# Flip-up Table Conversion



## Moosegut (Sep 24, 2005)

I knew we'd NEVER use the flip-up table on the side of the kitchen counter. We rarely use the shower in the TT. HEY! I have an idea!









I removed the flip-up table and "modded" it for use in the bathroom. For complete details and pictures visit the Modifications Gallery. Sort the gallery by "Uploaded Date" "Descending" and you'll see the five pics I posted. Unfortunately, I forgot to load them in reverse order. So click on number one and then use the "Next Newest Image" arrow.

Scott


----------



## BigBadBrain (Aug 26, 2004)

GREAT Mod! This is on my list for spring mods! DW REALLY liked it, thanks!

BBB


----------



## 2500Ram (Oct 30, 2005)

I like that! Forget DW, I've got to do that.

Great Mod









Bill.


----------



## wolfwood (Sep 19, 2005)

This looks great - and I'll bet the table & hardware can be aquired at HomeDepot or Lowes if you didn't want to sacrifice the kitchen pop-up. Now - can you guys also figure out how to cut a 'window' in the rolling curtain so that the pop-up table can be easily accessed while taking a shower and without sending the water through the b'room?!


----------



## Moosegut (Sep 24, 2005)

DW just came home and I showed her. I surprised her with this mod and she really likes it. It was quite easy to do and considering all the kissing and hugging it got me - well worth it. I think an "Outback Walk" may be in the offing.


----------



## wolfwood (Sep 19, 2005)

Moosegut said:


> DW just came home and I showed her. I surprised her with this mod and she really likes it. It was quite easy to do and considering all the kissing and hugging it got me - well worth it. I think an "Outback Walk" may be in the offing.
> 
> 
> 
> ...


2 happy Mooses are always better than 1!







Enjoy your walk


----------



## Thor (Apr 7, 2004)

Moosegut said:


> I knew we'd NEVER use the flip-up table on the side of the kitchen counter. We rarely use the shower in the TT. HEY! I have an idea!
> 
> 
> 
> ...


Scott































Another Mod for the spring - It is simple and quick and oh so useful.

Thanks
Thor


----------



## PDX_Doug (Nov 16, 2004)

Nice mod Scott!

We do use our shower on occasion, but it looks like it may fit with the pleated shower door. I will have to take a look.
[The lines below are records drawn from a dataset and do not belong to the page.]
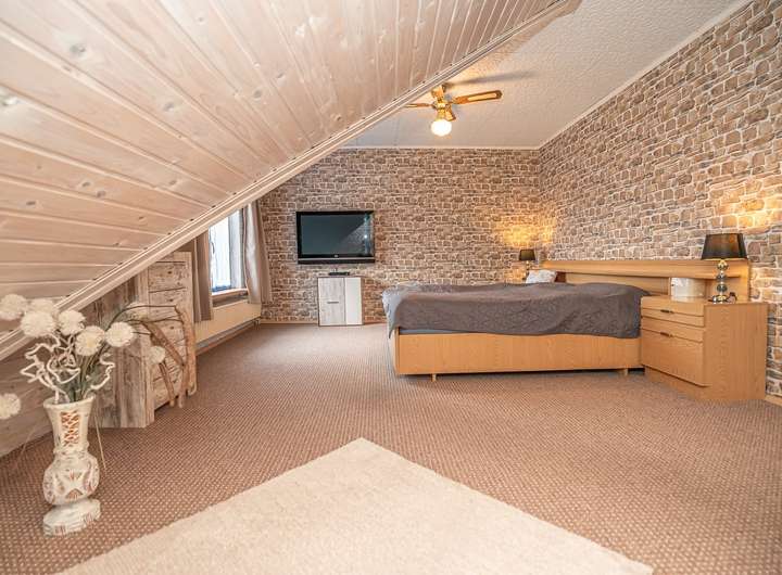 Das Haus wurde 1976 erbaut und 1983 durch eine Dachaufstockung erweitert. Mit einer Gesamtwohnfläche von über 260 m² bietet es zwei abgeschlossene Wohneinheiten: ca. 146,92 m² in der größeren und ca. 116,77 m² in der kleineren Einheit. Beide Wohneinheiten sind hell, geräumig und gut geschnitten – perfekt, um eigene Wohnideen umzusetzen.
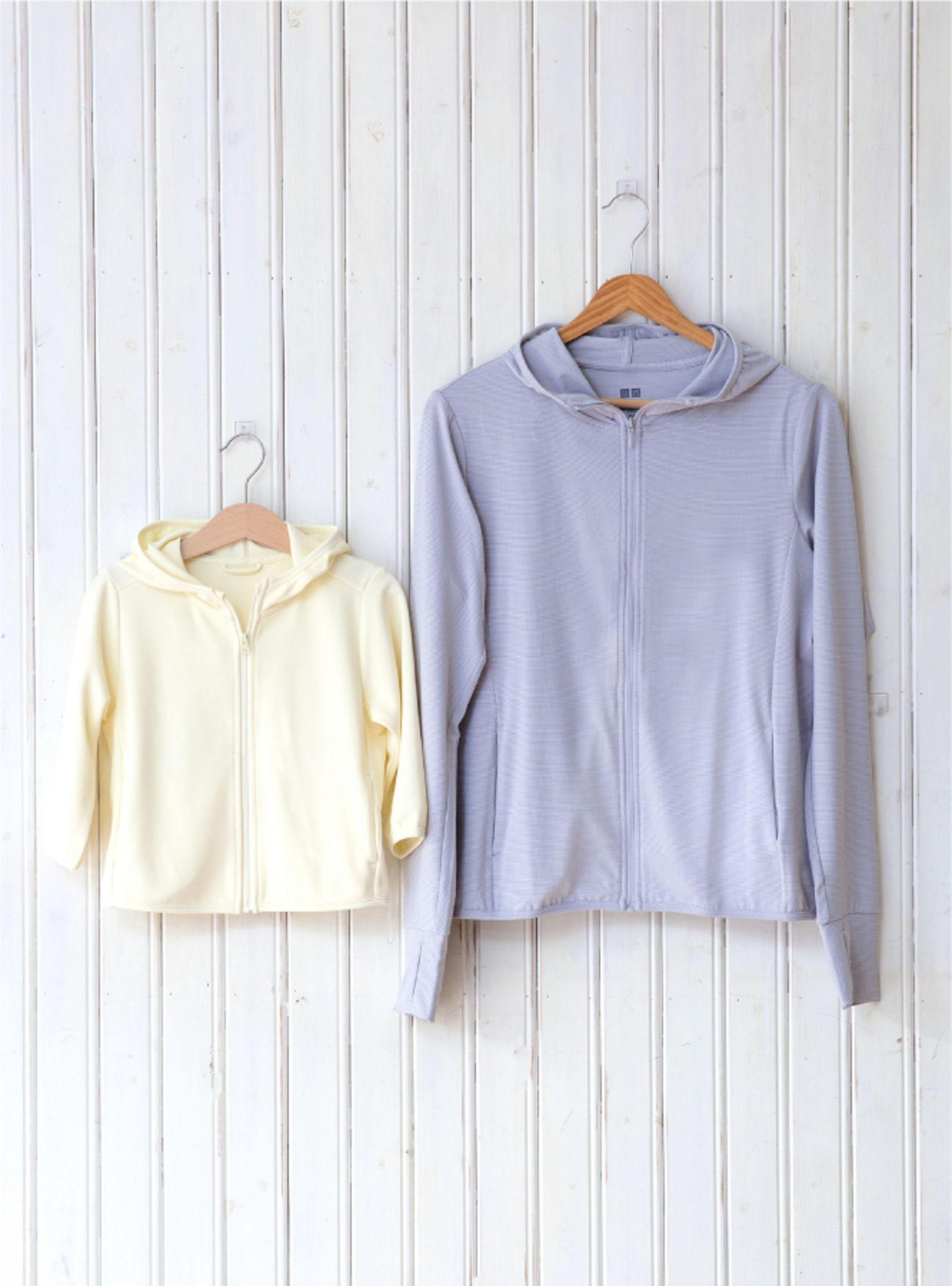 Uniqlo抗UV連帽外套,同時推出大人款式,是款能讓大人小孩穿上相同造型的單品。無論是選用相同或兩種不同的色系,都能享受親子裝穿搭的樂趣,本款也推出種類豐富多樣的色款可供選擇,是充滿人氣的特點之一。
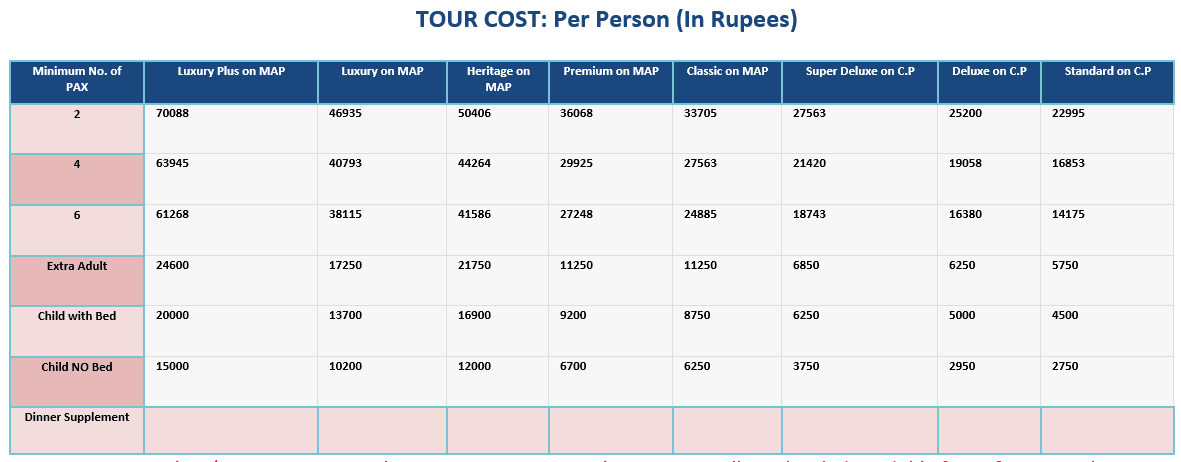 Minimum No. of PAX | Luxury Plus on MAP | Luxury on MAP | Heritage on MAP | Premium on MAP | Classic on MAP | Super Deluxe on C.P | Deluxe on C.P | Standard on C.P |
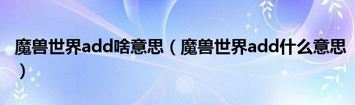 魔兽世界add啥意思(魔兽世界add什么意思)
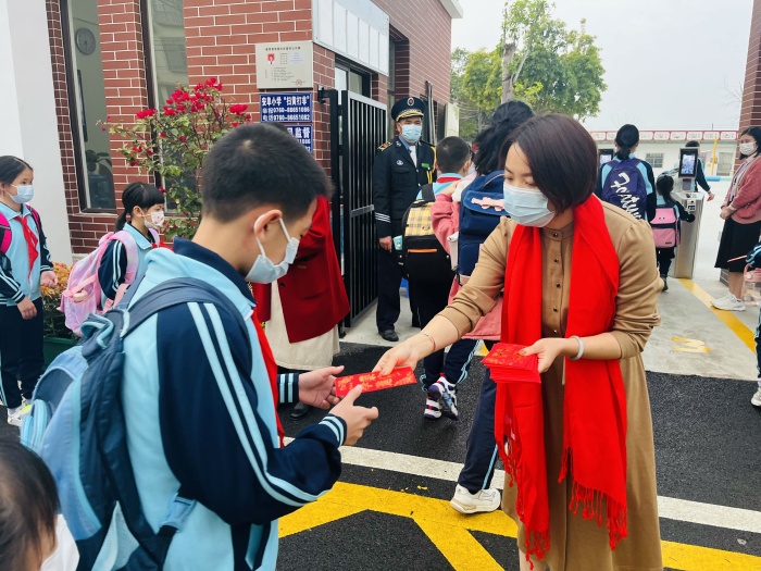 清晨,孩子們在家長的目送下,回到了溫馨的校園。而迎接他們的,有熟悉的老師們、歡樂重逢的伙伴們。一個親切的問候,溫暖的笑容,開啟了春季學期的校園生活。學校行政在校門口為同學們準備了“學業(yè)進步”開學紅包,里面有開學心愿卡和祝福卡,代表著新學期的美好祝愿和期許。而同學們也欣然領著紅包,對老師們說出一聲聲祝福!
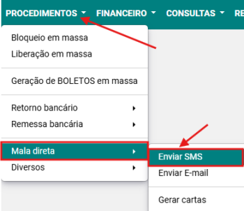 Passo 1: Selecionar a opção PROCEDIMENTOS → MALA DIRETA → ENVIAR SMS
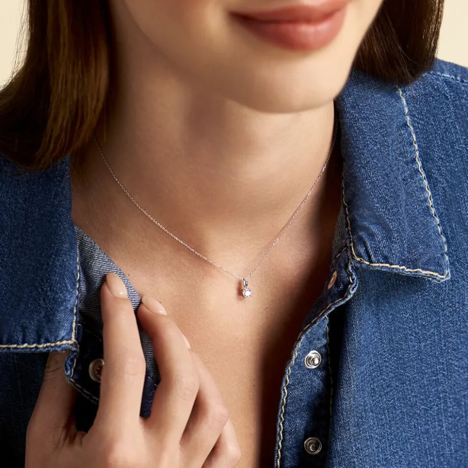 Pendentif Solitaire Or Blanc 375/1000 Diamant 0.35cts Serti 4 Griffes
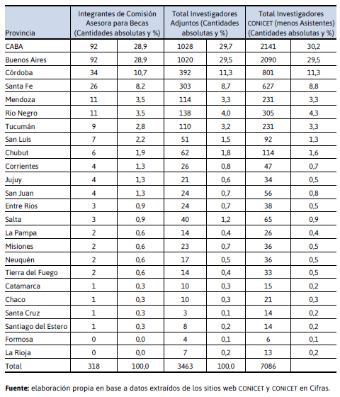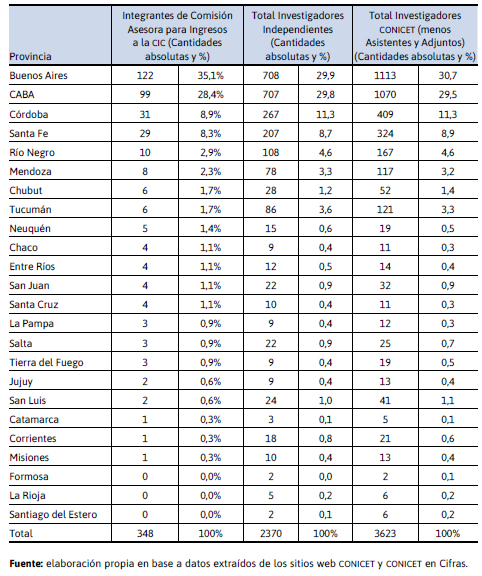 Luego de la descripción hecha en el párrafo anterior, se afirma que la distribución de miembros en las Comisiones Asesoras para Informes, Promociones y Proyectos de conicet según la provincia de lugar de trabajo se corresponde con la cantidad de investigadores de conicet en dichas provincias que reúnen los requisitos para ser elegidos integrantes de las mismas. Concretamente, el porcentaje que representa cada provincia en el total de miembros de la comisión se traslada con una diferencia aproximada de un +/- 2 % del total de investigadores Independientes o totales –excepto Asistentes y Adjuntos– que trabajan en cada provincia. La excepción es caba, ya que si bien representa un 29,8 % de investigadores Independientes y un 29,5 % de investigadores de conicet –salvo Asistentes y Adjuntos– posee un 22,8 % de miembros en las Comisiones Asesoras para Informes, Promociones y Proyectos, es decir, se encuentra sub-representada.

My DW does use the shelf in it's current kitchen location, but there is nothing to say I couldn't build another.









My son and I have also been considering an 'N' scale model railroad on one of the top bunks.... Now, that, would be a unique mod!









Happy Trails,
Doug


----------



## California Jim (Dec 11, 2003)

Nice and creative mod MG









One word of caution though. That shelf really hates water. Specifically water that sits atop and gets down into the wood via the vinyl seam around the edge. It's made out of particle board that will swell up like a sponge if it gets wet. So keep er' wiped off.


----------



## kjdj (Sep 14, 2004)

Perfect!
I have 4 days off this weekend. another mod to add to the list.


----------



## Moosegut (Sep 24, 2005)

California Jim said:


> Nice and creative mod MG
> 
> 
> 
> ...


Good tip Cal Jim. I've modified the instructions attached to the pictures in the gallery to include the following: ONCE THE PROJECT IS COMPLETED AND INSTALLED, SEAL AROUND THE ENTIRE RUBBERIZED EDGE TO PREVENT WATER SEEPING INTO THE PARTICLE BOARD. And I'm heading outside now to seal mine.

Thanks,

Scott


----------



## California Jim (Dec 11, 2003)

Good one Scott. I'll do the same to mine to prevent further damage. Yes, I found out the hard way about the water


----------



## HootBob (Apr 26, 2004)

Nice job Scott
I use are shower all the time
And I want to put one of those shower doors on
It may be in the way for the door?
But it still a good idea









Don


----------



## Colorado Outbacker (Jun 6, 2005)

Oh Thanks!!

I was wondering what I was going to do this weekend instead of watch Football, spend time with friends, and the like. Now I know because DW says its so.


----------